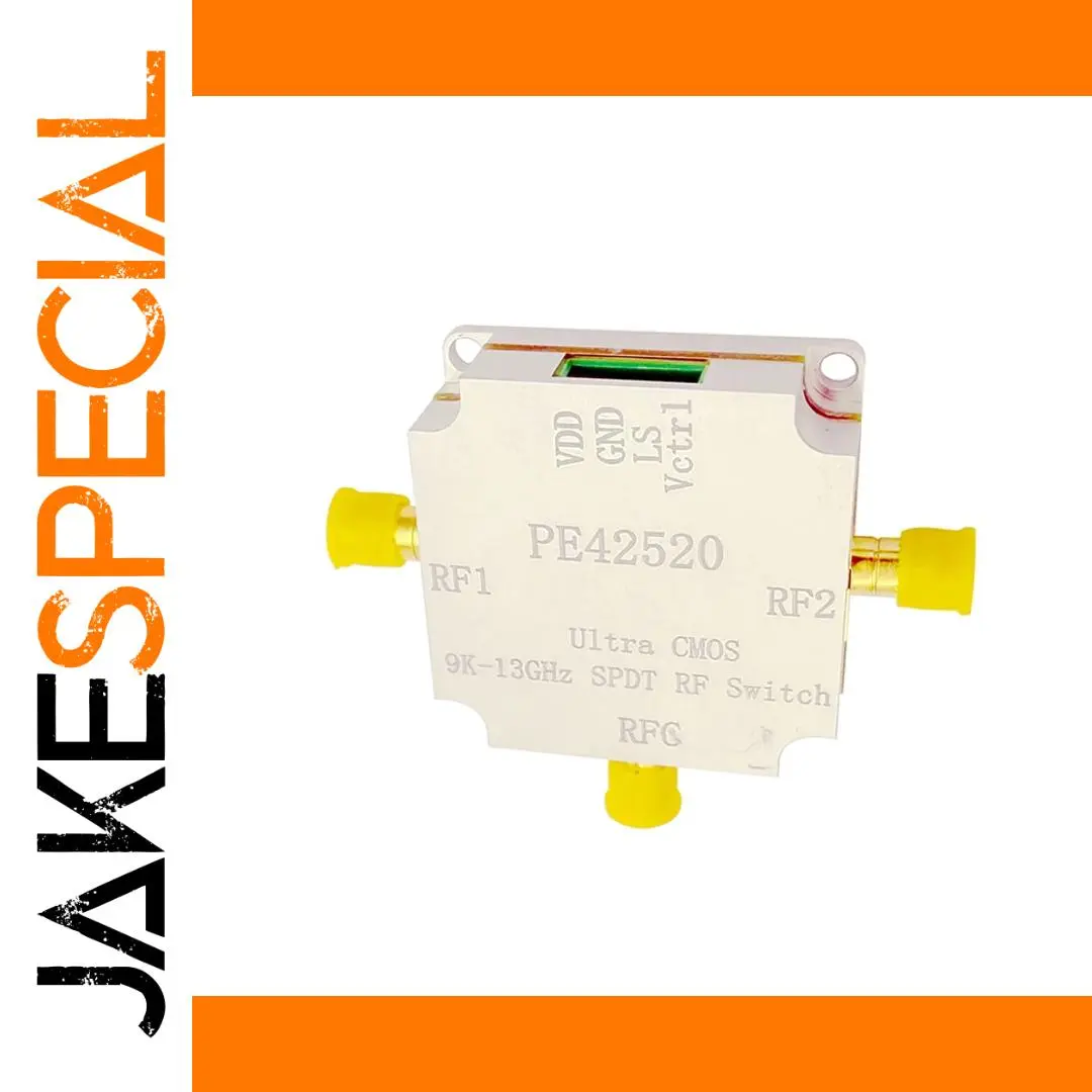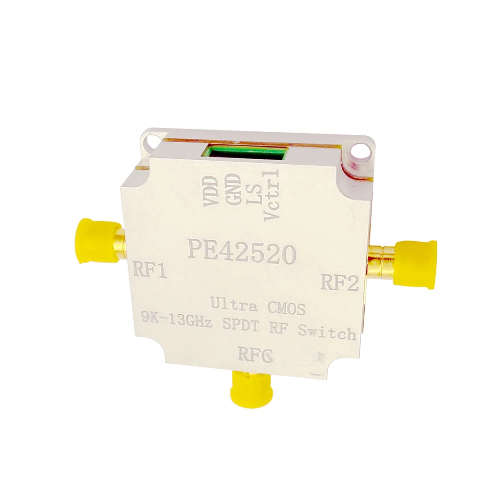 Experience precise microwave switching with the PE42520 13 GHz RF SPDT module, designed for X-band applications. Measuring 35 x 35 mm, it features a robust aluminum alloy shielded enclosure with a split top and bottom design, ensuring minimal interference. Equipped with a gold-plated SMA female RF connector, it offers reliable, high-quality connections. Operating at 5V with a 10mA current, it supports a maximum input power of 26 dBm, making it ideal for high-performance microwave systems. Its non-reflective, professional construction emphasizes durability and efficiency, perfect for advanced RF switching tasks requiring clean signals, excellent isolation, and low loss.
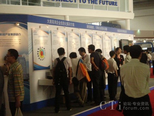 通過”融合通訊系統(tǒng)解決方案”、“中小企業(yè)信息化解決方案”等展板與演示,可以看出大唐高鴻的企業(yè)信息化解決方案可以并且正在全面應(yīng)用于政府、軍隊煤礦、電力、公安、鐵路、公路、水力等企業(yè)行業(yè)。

========================

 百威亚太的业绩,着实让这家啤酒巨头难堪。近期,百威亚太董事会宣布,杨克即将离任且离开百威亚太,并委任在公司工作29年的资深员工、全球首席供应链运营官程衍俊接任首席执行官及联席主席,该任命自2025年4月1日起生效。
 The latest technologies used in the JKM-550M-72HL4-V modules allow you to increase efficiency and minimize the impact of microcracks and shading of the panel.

========================

Will you return exactly the lines above from the one with "百威亚太的业绩,着实让这家啤" down to the one with "The latest technologies", counting both as part of the range?

 百威亚太的业绩,着实让这家啤酒巨头难堪。近期,百威亚太董事会宣布,杨克即将离任且离开百威亚太,并委任在公司工作29年的资深员工、全球首席供应链运营官程衍俊接任首席执行官及联席主席,该任命自2025年4月1日起生效。
 The latest technologies used in the JKM-550M-72HL4-V modules allow you to increase efficiency and minimize the impact of microcracks and shading of the panel.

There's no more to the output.